§ DESCRIPTION OF THE TASK
Each record, word for word and stripped of pictures, is what the answer should contain.

§ Data extracted from a collection
━━━━━━━━━━━━━━━━━━━━━━━━━━━━━━

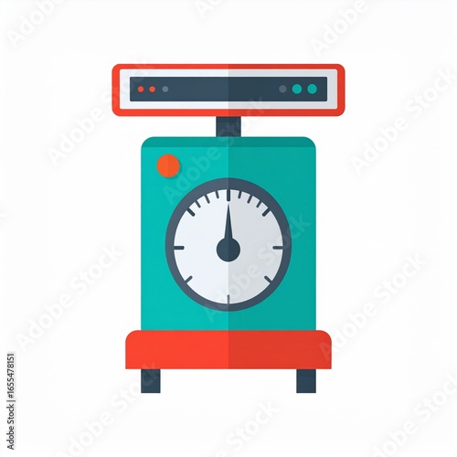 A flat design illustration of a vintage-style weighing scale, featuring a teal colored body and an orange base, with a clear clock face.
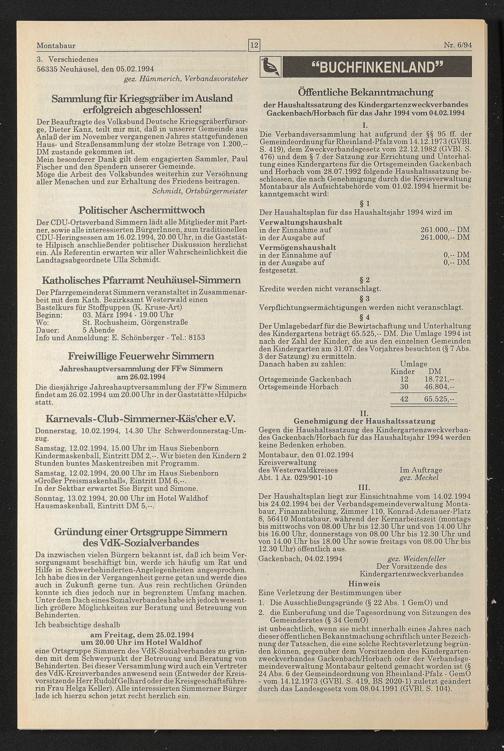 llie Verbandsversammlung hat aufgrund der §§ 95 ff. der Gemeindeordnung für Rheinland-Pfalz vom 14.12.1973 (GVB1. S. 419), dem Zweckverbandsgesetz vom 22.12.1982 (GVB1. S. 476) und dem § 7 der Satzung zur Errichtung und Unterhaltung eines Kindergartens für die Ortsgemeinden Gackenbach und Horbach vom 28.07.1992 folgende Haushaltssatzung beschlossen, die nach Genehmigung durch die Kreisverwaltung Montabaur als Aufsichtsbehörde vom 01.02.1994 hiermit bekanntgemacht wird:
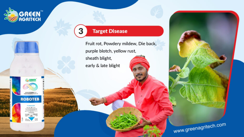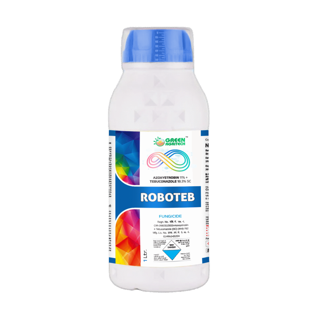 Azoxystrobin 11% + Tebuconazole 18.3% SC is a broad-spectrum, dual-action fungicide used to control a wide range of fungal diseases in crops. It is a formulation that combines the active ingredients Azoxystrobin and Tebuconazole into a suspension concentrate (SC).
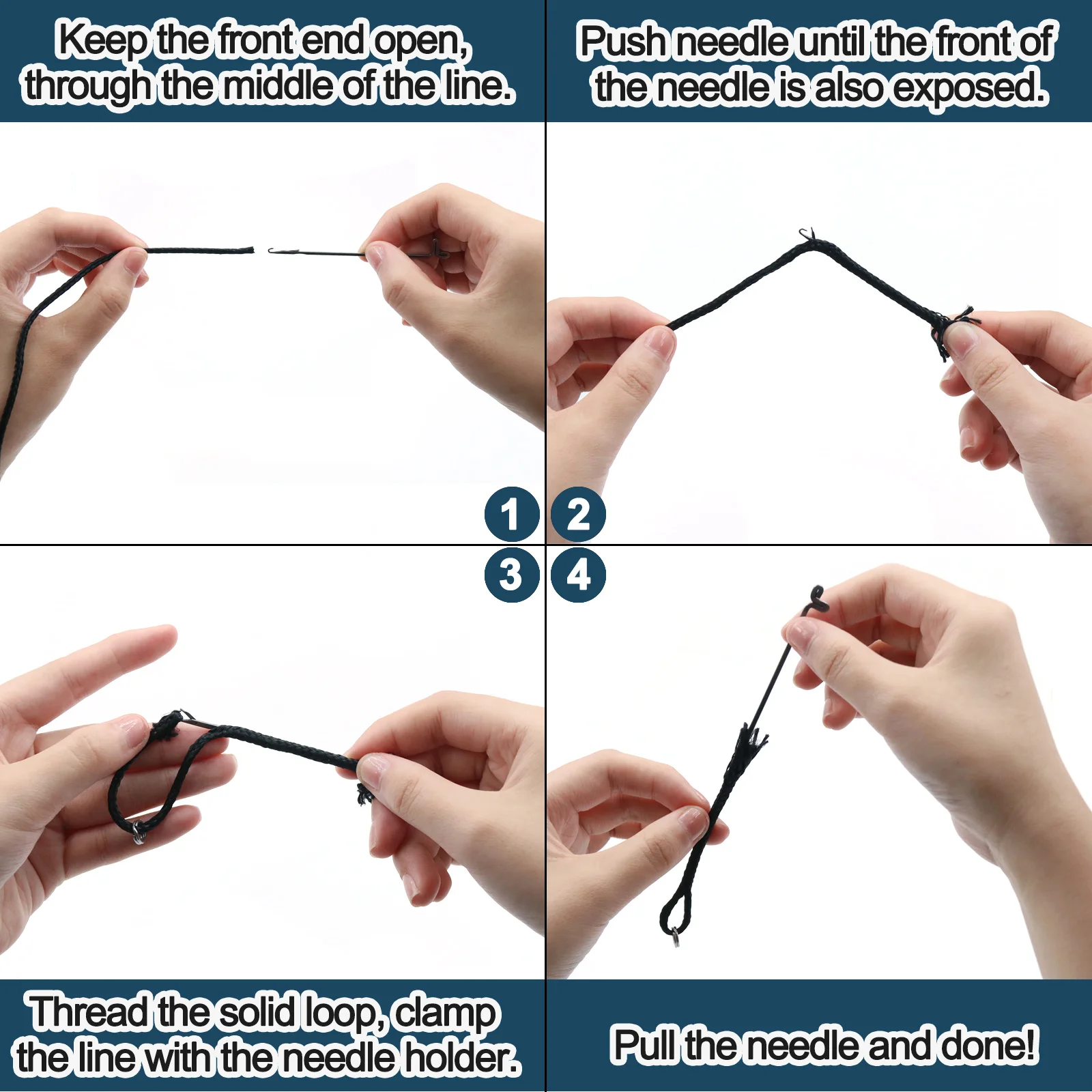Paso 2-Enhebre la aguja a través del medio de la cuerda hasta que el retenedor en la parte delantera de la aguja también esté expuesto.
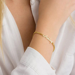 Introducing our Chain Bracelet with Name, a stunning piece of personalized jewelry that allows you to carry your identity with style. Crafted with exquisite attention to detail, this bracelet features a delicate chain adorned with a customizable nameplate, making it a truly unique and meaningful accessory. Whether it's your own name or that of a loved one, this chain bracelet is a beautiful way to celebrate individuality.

━━━━━━━━━━━━━━━━━━━━━━━━━━━━━━

§ ANSWER SPACE
 A flat design illustration of a vintage-style weighing scale, featuring a teal colored body and an orange base, with a clear clock face.
 llie Verbandsversammlung hat aufgrund der §§ 95 ff. der Gemeindeordnung für Rheinland-Pfalz vom 14.12.1973 (GVB1. S. 419), dem Zweckverbandsgesetz vom 22.12.1982 (GVB1. S. 476) und dem § 7 der Satzung zur Errichtung und Unterhaltung eines Kindergartens für die Ortsgemeinden Gackenbach und Horbach vom 28.07.1992 folgende Haushaltssatzung beschlossen, die nach Genehmigung durch die Kreisverwaltung Montabaur als Aufsichtsbehörde vom 01.02.1994 hiermit bekanntgemacht wird:
 Azoxystrobin 11% + Tebuconazole 18.3% SC is a broad-spectrum, dual-action fungicide used to control a wide range of fungal diseases in crops. It is a formulation that combines the active ingredients Azoxystrobin and Tebuconazole into a suspension concentrate (SC).
Paso 2-Enhebre la aguja a través del medio de la cuerda hasta que el retenedor en la parte delantera de la aguja también esté expuesto.
 Introducing our Chain Bracelet with Name, a stunning piece of personalized jewelry that allows you to carry your identity with style. Crafted with exquisite attention to detail, this bracelet features a delicate chain adorned with a customizable nameplate, making it a truly unique and meaningful accessory. Whether it's your own name or that of a loved one, this chain bracelet is a beautiful way to celebrate individuality.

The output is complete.